«…все произошло на интуитивном уровне… я абсолютно не интересуюсь подобного рода литературой – что-то буквально заставило меня приобрести вашу книгу. Татьяна Николаевна, я, а потом моя жена были буквально потрясены вашей исповедью. Я профессиональный писатель, член всех творческих союзов, но… все это не важно. Важно то, что ваша книга достала меня. Ах, какая вы умница! Ах, как вам удалось переложить на слова то, что сегодня почти разучились делать: так написать о своей любви! Под вашим пером живет вся и все. Вам удалось взять словом засловесную неуловимую сущность пережитой вами жизни и человеческих отношений в ней. После того, что произошло с вами, вы чудом не потеряли того, что было и есть в вас, и не остались в пустоте, которую не заполнить никакими воспоминаниями. То, чем вас наградил Господь, физики называют „плотностью зоркости“. И вы почти стереоскопично показали всю эту мразь, в которой вам пришлось побарахтаться. И что самое интересное, ваша любовь к Андрею оберегла вас от срыва в „сведение счетов“, И ваши оценки всех этих Галош, Чеков, Шармёров и прочих не подлежат сомнению. И несводимы ничем. Я убежден, что ваша книга наделала грохоту в столице. Я убежден, что вы своей любовью крепенько отхлестали того же Ширвиндта. Не мне вам говорить, что мы живем в сфере всепроникающего присутствия и нарастания абсурда, спорадически возникающего в самых, казалось бы, устойчивых сферах человеческого бытия.
Татьяна Николаевна, я вам пишу это письмо в самом конце и века, и тысячелетия. Пусть завтрашнее Новое ничем не обидит вас.
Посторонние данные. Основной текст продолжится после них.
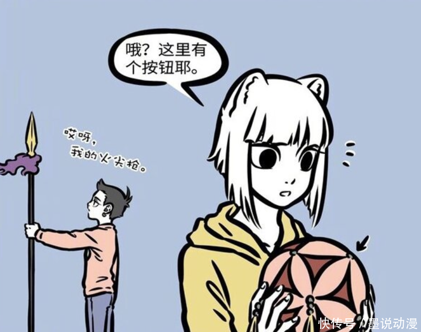 哪吒还找到了火尖枪,这可是他最趁手的武器。可以看出哪吒看着火尖枪之后有所感触,或许是回忆起以前战斗的情景。不过火尖枪的作用越来越小,后续只能用来杀蚊子此时九月还在研究绣球,被她发现了个特殊的按钮。按照九月好奇的性格,肯定会按下按钮,那么会发生什么事情?

Я желаю вам в этом Новом – Лета, Света, Привета и Слова, навсегда освободившегося от так называемых – общественного мнения и здравого смысла. Приезжайте в Ригу, мы с женой будем счастливы хоть чем-нибудь, да помочь вам.
До свидания, Татьяна Николаевна. Удачи вам и воли к ней».
Вот, Андрюшенька, какие слова нам пишут умные и добрые люди из Риги, из нашего мистического города, где мы встретились и где расстались… Оказывается, любовью к тебе можно отхлестать, вот почему такой взрыв бешенства, негодования, визга – когда хлещут, конечно, больно.
Как я всем моим читателям благодарна за добрые и умные слова, оценки, порывы, слезы над страницами книги, за ваше «спасибо», в котором слышно биение сердца! Мне это важно, потому что эта книга – о тебе, Андрюша…
А в официальной прессе – все наоборот.
Все рецензии пестрят словами – трусы, любовница, ширинка, – как можно писать такую гадость, словесный мусор, мерзость мерзостей и т.п.!
Через несколько месяцев после выхода книги можно видеть по газетным рецензиям, как создается кампания и сознательно и упорно формируется общественное мнение. Этот прием мы тоже знаем – дать по морде, чтобы привить общий принцип.
Уже ноябрь – хмурый, серый, холодный… Я перебираю годы своей жизни – ведь скоро 13-е число, когда не стало дорогой Марьи. За год до этого она была в правительственном санатории «Барвиха». Скучала, звонила мне по нескольку раз в день. Однажды звонок:
– Таня, мне сегодня делали эхограмму. Вы знаете, что это такое? Тебе на спину вешают какой-то «рюкзак», я ко всему подключена, и так, с этим «рюкзаком», надо топать полдня.
– Что показала эхограмма? – спрашиваю я.
– Все говорят – отлично, нормально, великолепно… – И вдруг совершенно изменившимся голосом, глухим и нездешним:
– Таня, я-то знаю, что у меня совсем все не в порядке, а даже очень плохо… меня, старую, не проведешь.
Вспоминаю, как она любила свой мирт, как заботилась о нем. Когда он вдруг стал болеть, пригласила специалистов из Ботанического сада поставить ему диагноз и потом на протяжении месяца все время повторяла:
– Нет! Кто бы мог подумать, из-за чего он болеет? А у него ноги в воде! (Это значит, сильно поливать нельзя.) А герань – этот плебс, пролетарий – с ней ничего не делается! Устойчивая.
Вспоминаю, как за две недели до ее смерти попугай Ромка своими хваткими лапками вырывал землю из горшков с геранью, рыл ямки, и этой землей был усыпан весь подоконник. Мы были в недоумении, постоянно корили его за хулиганство, сгребали обратно землю в горшки, и потом Мария Владимировна задумчиво и печально смотрела в окно. Она поняла, разгадала этот знак, который ей давал ее любимый Ромка – он предупреждал ее о смерти. Вот и задумаешься, чем человек отличается от птицы – не имеет такого дара предвидения и такой сообразительности.